#### [DATA SUPPLIED]
════════════════════
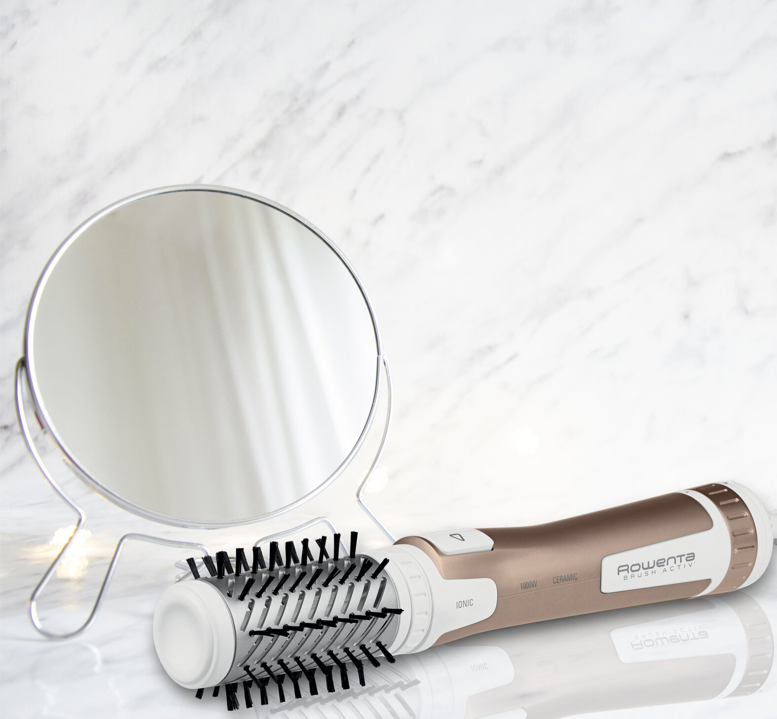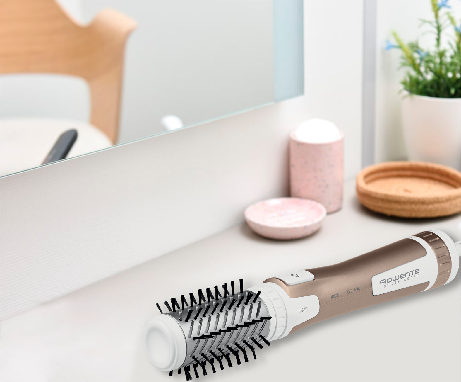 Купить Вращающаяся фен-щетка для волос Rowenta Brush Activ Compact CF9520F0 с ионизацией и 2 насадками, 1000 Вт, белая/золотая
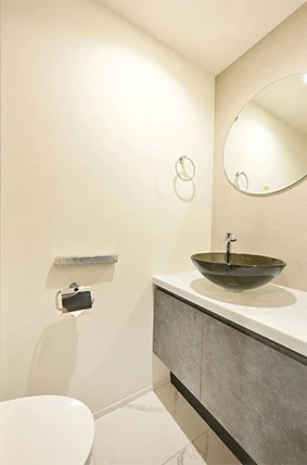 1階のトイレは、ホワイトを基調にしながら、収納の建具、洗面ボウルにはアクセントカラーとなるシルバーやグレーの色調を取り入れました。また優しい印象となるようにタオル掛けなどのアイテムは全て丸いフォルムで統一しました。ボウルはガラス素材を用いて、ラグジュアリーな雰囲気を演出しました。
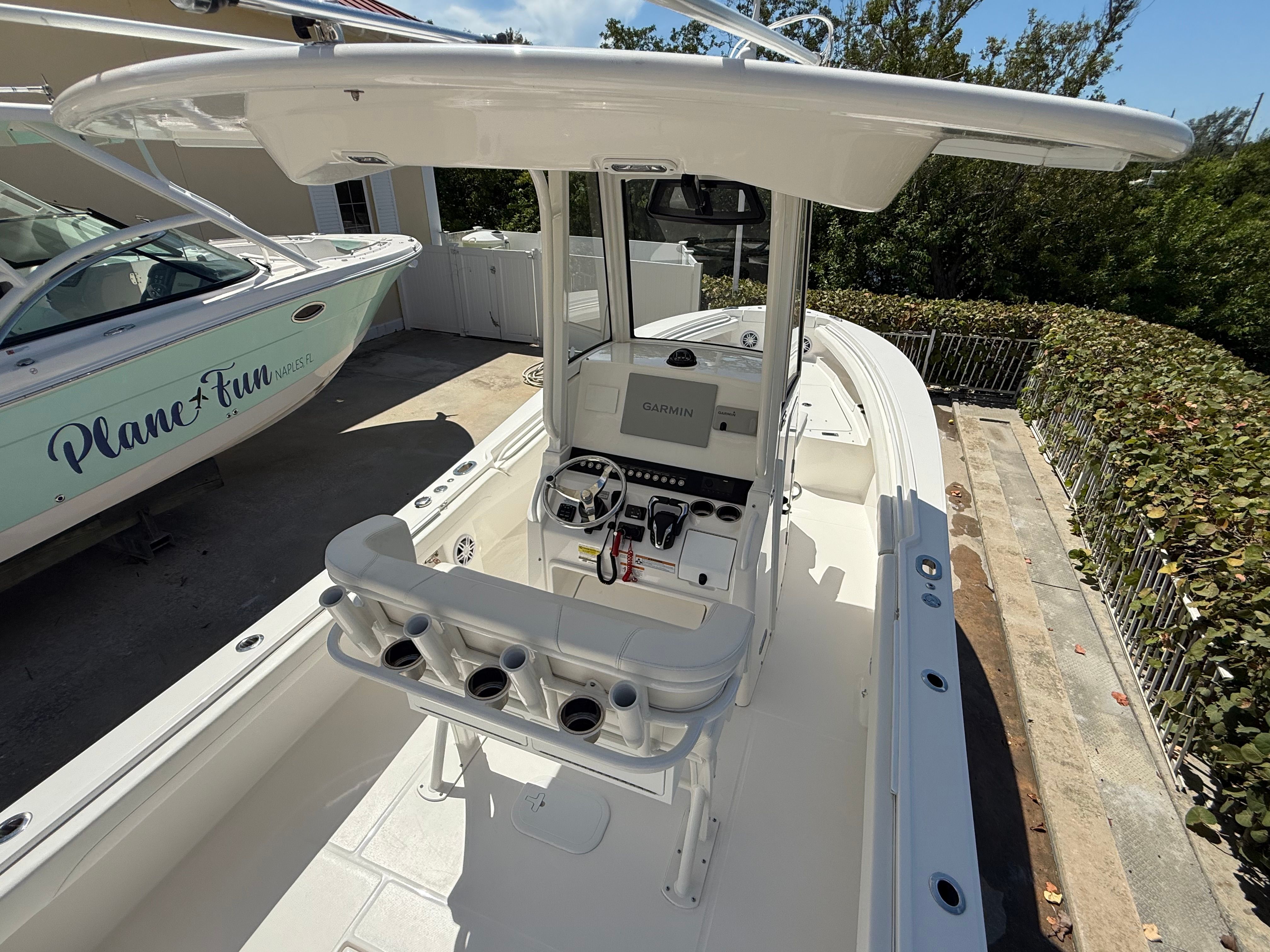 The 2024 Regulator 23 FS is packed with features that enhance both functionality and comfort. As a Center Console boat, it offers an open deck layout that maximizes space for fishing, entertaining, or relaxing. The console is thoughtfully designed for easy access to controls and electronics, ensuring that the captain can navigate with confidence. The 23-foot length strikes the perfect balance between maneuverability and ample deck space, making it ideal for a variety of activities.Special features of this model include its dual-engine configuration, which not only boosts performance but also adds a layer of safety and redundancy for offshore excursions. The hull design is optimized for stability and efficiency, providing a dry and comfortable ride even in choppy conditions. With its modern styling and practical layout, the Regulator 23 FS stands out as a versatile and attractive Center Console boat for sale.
════════════════════
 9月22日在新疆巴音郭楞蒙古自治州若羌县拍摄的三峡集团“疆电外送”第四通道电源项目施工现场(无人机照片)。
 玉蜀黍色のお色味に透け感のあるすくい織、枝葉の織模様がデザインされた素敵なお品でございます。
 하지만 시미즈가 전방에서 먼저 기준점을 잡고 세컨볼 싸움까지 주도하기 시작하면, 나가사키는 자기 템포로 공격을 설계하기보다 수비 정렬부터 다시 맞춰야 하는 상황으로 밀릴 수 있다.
════════════════════
Among the records above, locate the line containing "Купить Вращающаяся фен-щетка" and the line containing "1階のトイレは、ホワイトを基", then transcribe exactly the lines starting at the first and ending at the second, with no pictures.

 Купить Вращающаяся фен-щетка для волос Rowenta Brush Activ Compact CF9520F0 с ионизацией и 2 насадками, 1000 Вт, белая/золотая
 1階のトイレは、ホワイトを基調にしながら、収納の建具、洗面ボウルにはアクセントカラーとなるシルバーやグレーの色調を取り入れました。また優しい印象となるようにタオル掛けなどのアイテムは全て丸いフォルムで統一しました。ボウルはガラス素材を用いて、ラグジュアリーな雰囲気を演出しました。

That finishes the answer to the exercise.